Falling writer-director-star Viggo Mortensen shares just one LOTR story for Stephen Colbert
Stephen Colbert did get around to asking Viggo Mortensen a round of Lord Of The Rings questions on Thursday’s Late Show. But, credit to Tolkien mega-fan Colbert where it’s due, the host did tamp down his wonted fanboy glee for the most part, even though he had Aragorn, Son of Arathorn, 16th Chieftain of the Dúnedain, and eventual King Elessar (Strider to his friends) in the house. Or, the virtual house, as not only is there that pandemic that all good and smart people are working to prevent, but Mortensen was video-calling in from an initially undisclosed location in Europe.
“Do you speak the language of the country you’re in?,” Colbert asked, turning the interview into a quiz show after Mortensen assured him that everyone where he is has been able to go out to the movie theater for a while now. Sadly, as Colbert realized, that was of nearly no help at all, since Colbert stated that noted polymath Mortensen speaks seven languages. (Viggo’s in Spain, which, not to question Mr. Mortensen, should not be going out to movie theaters at this point.)

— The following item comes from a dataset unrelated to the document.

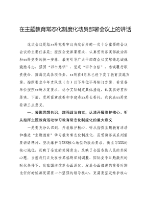 在主题教育常态化制度化动员部署会议上的讲话这次会议是经xx局党委审议决定召开的一次十分重要的会议会议的主要任务是:按照全党部署要求,认真贯彻落实部政治部和xx局党委的统一安排,教育引导广大干部群众切实熔铸忠诚魂激励斗志,强固四个意识、坚定四个自信,忠诚履行职责使命,圆满完成各项任务。xx局在4月末已经下发了教育实施方案,按照要求今年支队级(含)以下单位不再制订方案,希望各单位按照xx局方案要求,结合实际制定具体措施,认真抓好贯彻落实。下面,受周富章政委和李建春xx局长委托,我代表xx局党委讲三点意见。一、凝聚思想共识,增强政治自觉,认清开展维护核心、听从指挥主题教育活动学习教育常态化制度化的重大意义一是要充分认识到,开展维护核心、听从指挥主题教育活动和推进主题教育学习教育常态化制度化,是贯彻落实系列重要讲话精神、坚决维护习XXX核心地位的政治要求。确立习XXX的核心地位,反映了全党的共同意志,反映了全国各族人民的共同心愿。当前我们正处在世界格局深刻调整、国际竞争日趋激烈的时代条件下,处在国内改革全面深化、发展全面推进的重要时期比任何时候都更需要一个坚强的领导核心,更需要坚定维护核心自觉看齐追随。开展维护核心、听从指挥主题教育活动和推进主题教育学习教育常态化制度化,就是要教育引导广大干部群众增强政治意识、大局意识、核心意识、看齐意识,坚决听从党中央、中央军委和XXX指挥,为实现事业创新发展贡献智慧力量二是要充分认识到,开展维护核心、听从指挥主题教育活动和推进主题教育学习教育常态化制度化,是持续推动全面从严治党、严肃党内政治生活的重要抓手。去年以来,全省xx队伍扎实开展了主题教育学习教育并取得了显著成效。实践证明主题教育学习教育只有常态化制度化,方能促深入、求长效必须坚持不懈地抓下去。开展维护核心、听从指挥主题教育活动和推进主题教育学习教育常态化制度化,就是要教育引导广大干部群众时刻用系列讲话检视看齐、始终与党章党规精准对焦忠实践行四讲四有标准,不断增强自我净化、自我完善、自我革新、自我提高能力,确保党的组织充分履行职能、发挥核心作用,为推动工作和队伍建设全面发展提供坚强组织保证。三是要充分认识到,开展维护核心、听从指挥主题教育活动和推进主题教育学习教育常态化制度化,是圆满完成各项任务、坚决确保两个稳定的现实需要。xx队伍担负着维护社会大局稳定、促进社会公平正义、保障人民安居乐业的重大职责使命。多年来,全省广大干部群众忠诚履职、奋发进取,工作和队伍建设取得了显著成绩。但也要清醒地认识到,面对形势发展变化,面对群众现实期盼,还有很大的差距和不足。特别今年又是党的十九大召开的关键一年,各项安保任务十分繁重。开展维护核心、听从指挥主题教育活动和推进主题教育学习教育常态化制度化,就是要教育引导广大干部群众继续凝聚力量、锐意进取,全力维护火灾形势和队伍内部高度安全稳定。二、明确任务目标,把握重点关键,扎实推进维护核心、听从指挥主题教育活动和主题教育学习教育常态化制度化深入开展开展维护核心、听从指挥主题教育活动和推进主题教育学习教育常态化制度化,是今年全省xx队伍的重大政治任务。队伍各级要高度重视,明确目标、把握重点,聚焦问题、查摆短板确保教育各项活动扎实深入开展。一是要牢牢把握主题,找准教育方向。要紧紧围绕党的十九大,把握主题主线,明确目标方向,扎实推进主题教育活动。要以坚定维护核心为旗帜。自觉把坚定维护核心作为最重要的政治要求,坚持用XXXXXX系列重要讲话精神武装头脑、加强修养、指导工作,把维护核心、听从指挥落实到队伍建设的各个领域和环节,真正做到思想上坚定追随、政治上绝对忠诚、情感上真挚热爱、行动上紧紧跟上。要以践行严实要求为保证。始终坚持以严实要求铸魂、律己、干事,落实《关于新形势下党内政治生活的若干准则》、《中国共产党党内监督条例》,始终坚持从严治党从严治警,把纪律挺在前面,严在经常,管在平时,切实以铁的纪律打造过硬的队伍,营造风清气正的政治生态。二是要紧紧抓住重点,突出关键环节。要立足队伍实际,抓住教育的核心和重点,确保教育对症下药、有的放矢。要创新载体求实效。紧贴干部群众现实问题和活思想精准发力,以十项教育、十个强化、十大举措三个十工程为载体,探索互联网+教育模式,发挥xx局网络政工平台效能,使教育更富时代性更具针对性、更有实效性,确保教育生动活泼、富有成效。要抓好宣贯聚共识。十九大召开前,要围绕十八大以来党的理论创新形成的丰硕成果,广泛开展巨大成就是什么取得成就靠什么履行使命怎么办等主题大讨论;十九大召开后,要组织学习精神实质,力求学深悟透、入脑入心。要巩固成果促长效。要把教育活动中好思路、好措施、好办法,总结提炼经验,形成制度机制。要加强基层党建工

But, wherever Stephen Colbert corrals a cast member or self-professed expert of Peter Jackson’s The Lord Of The Rings trilogy, questions will follow. And, if Colbert didn’t exactly spring a surprise test on his guest this time, he did still get everything he could have hoped for, as Mortensen, praising Colbert’s Tolkien acumen by quoting Aragorn’s final line in the series, told Colbert, “My friend, you bow to no one.” You can practically feel Colbert’s goosebumps through the screen. Mortensen also shared one harrowing anecdote about filming the Battle Of Helm’s Deep, when his theretofore-dormant vertigo really kicked in just as he was preparing to do another take of that fight scene up a long, narrow stone stairway. Telling Colbert about his decidedly un-Aragorn-like panic attack, Mortensen described his posture pretending to simply rest and contemplate the New Zealand night sky when he was, in actual fact, clinging to the battlements on his back “like a spider.” (The actor confirmed that he did finally overcome his fear to kick some orc ass one more time.)

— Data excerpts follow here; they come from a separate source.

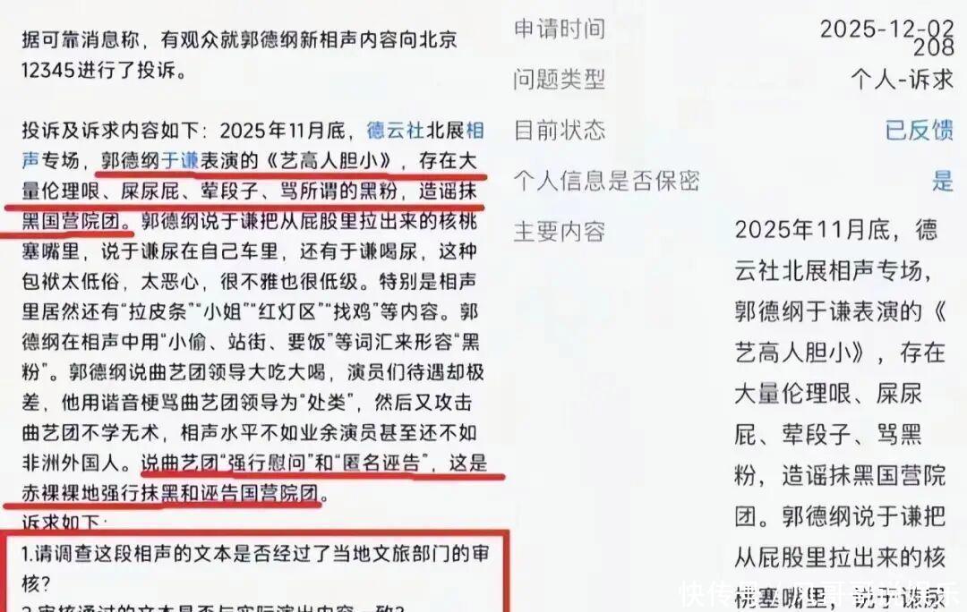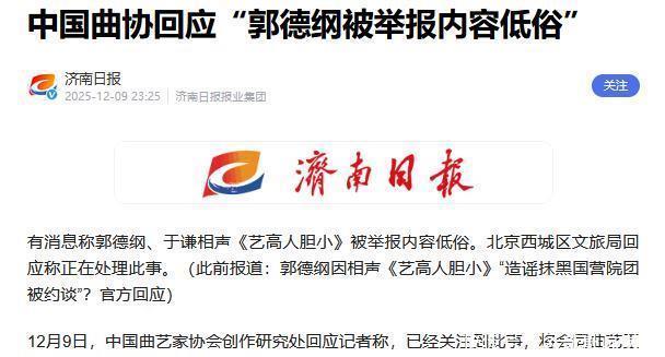 02德云社演出时低俗桥段太多,这已经是公认的事情!但抹黑国家主流院团是同行们无法忍受的,这也是西城文旅约谈郭德纲的主要原因!既然抹黑的是国家主流院团,自然,中国曲协就要站出来回应!12月9日,也就是郭德纲被约谈后的第五天,中国曲艺家协会创作研究处回应记者称:已经关注到此事,将会同曲艺工作者共同维护好风清气正的行业状态!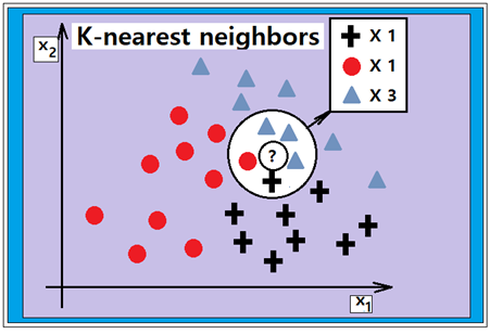 K-nearest neighbors(K-최근접 이웃) 알고리즘은 주변의 가장 가까운 K개의 데이터를 보고 데이터가 속할 그룹을 판단하는 알고리즘임. K-NN 알고리즘은 이미지 처리, 글자/얼굴 인식, 추천 알고리즘, 의료 분야 등에서 많이 사용됨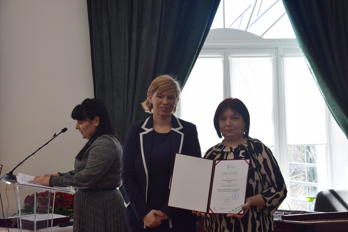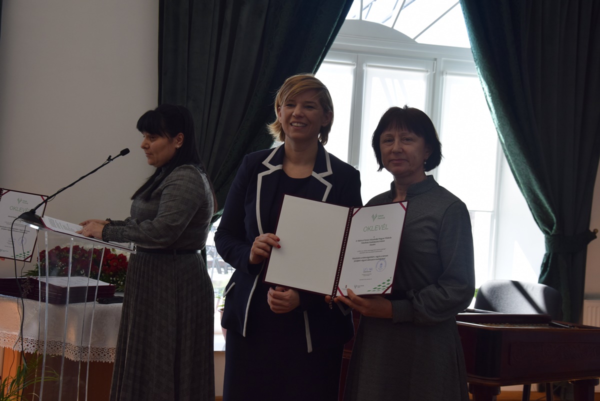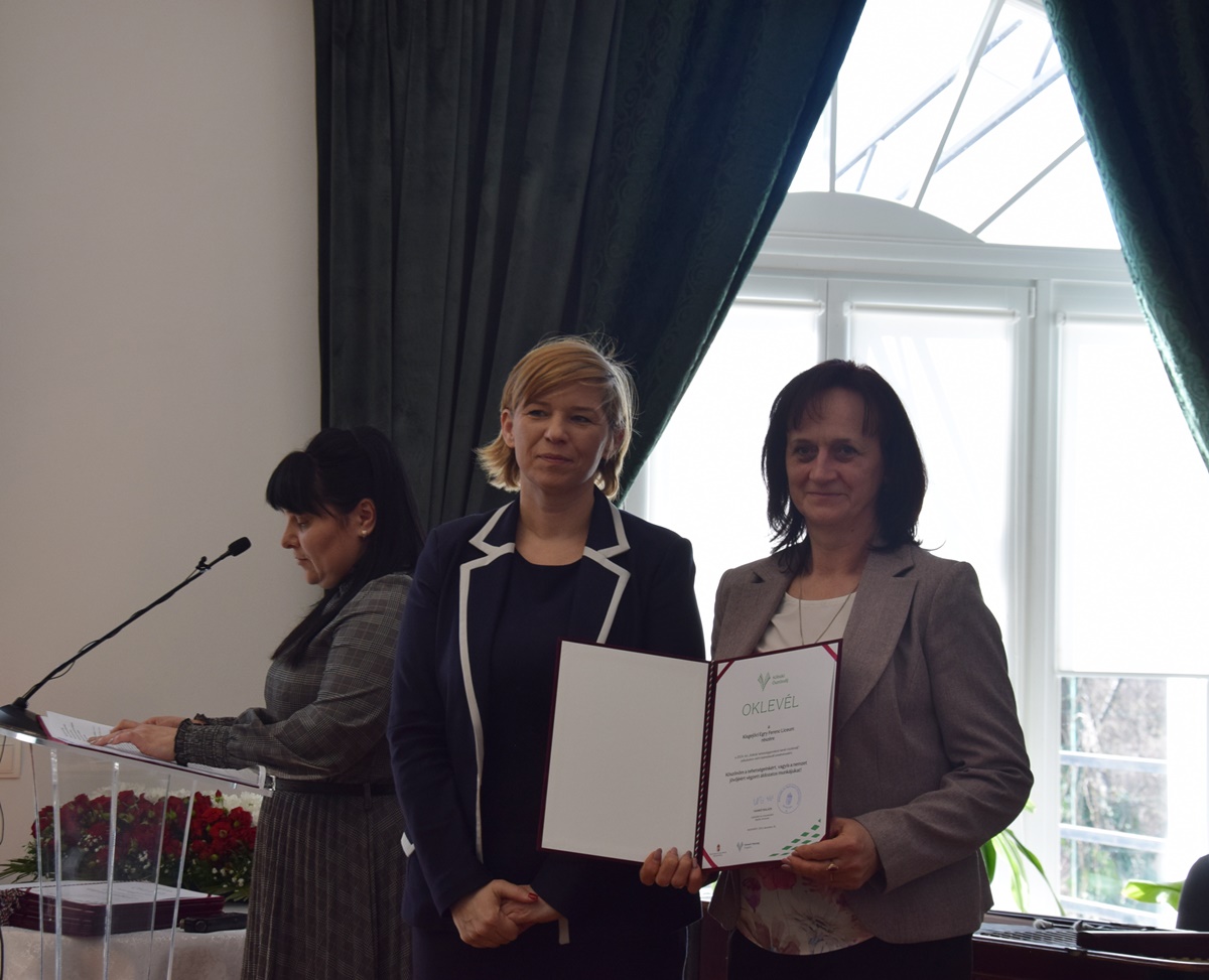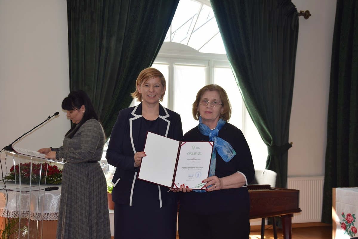 congratulated the teachers Natália Váradi, head of the Adult Education Center at the Rákóczi College and director of the “GENIUS” Charity Foundation.

Technically there to promote his directorial debut, Falling, Mortensen could only nod in accustomed modesty as Colbert added director to the list of Mortensen’s thrice Oscar-nominated “Renaissance man” cred. (A partial list: poet; artist; publisher; musician; photographer; guy who still affectionately calls his LOTR costar quartet “the hobbits.”) Regrettably inspired by his family’s history of dementia and the death of his mother, the film sees Mortensen’s adult son trying to re-engage with his difficult elderly father (a career-capping turn from Lance Henriksen, according to the buzz) as the domineering old man succumbs to the effects of his waning mental capacities. With characteristic thoughtfulness, Mortensen told Colbert that the process of making such a truthful film about a subject he knows all too well was one of keeping “that flame alive, or that wound open.”
Falling hits streaming services on February 5.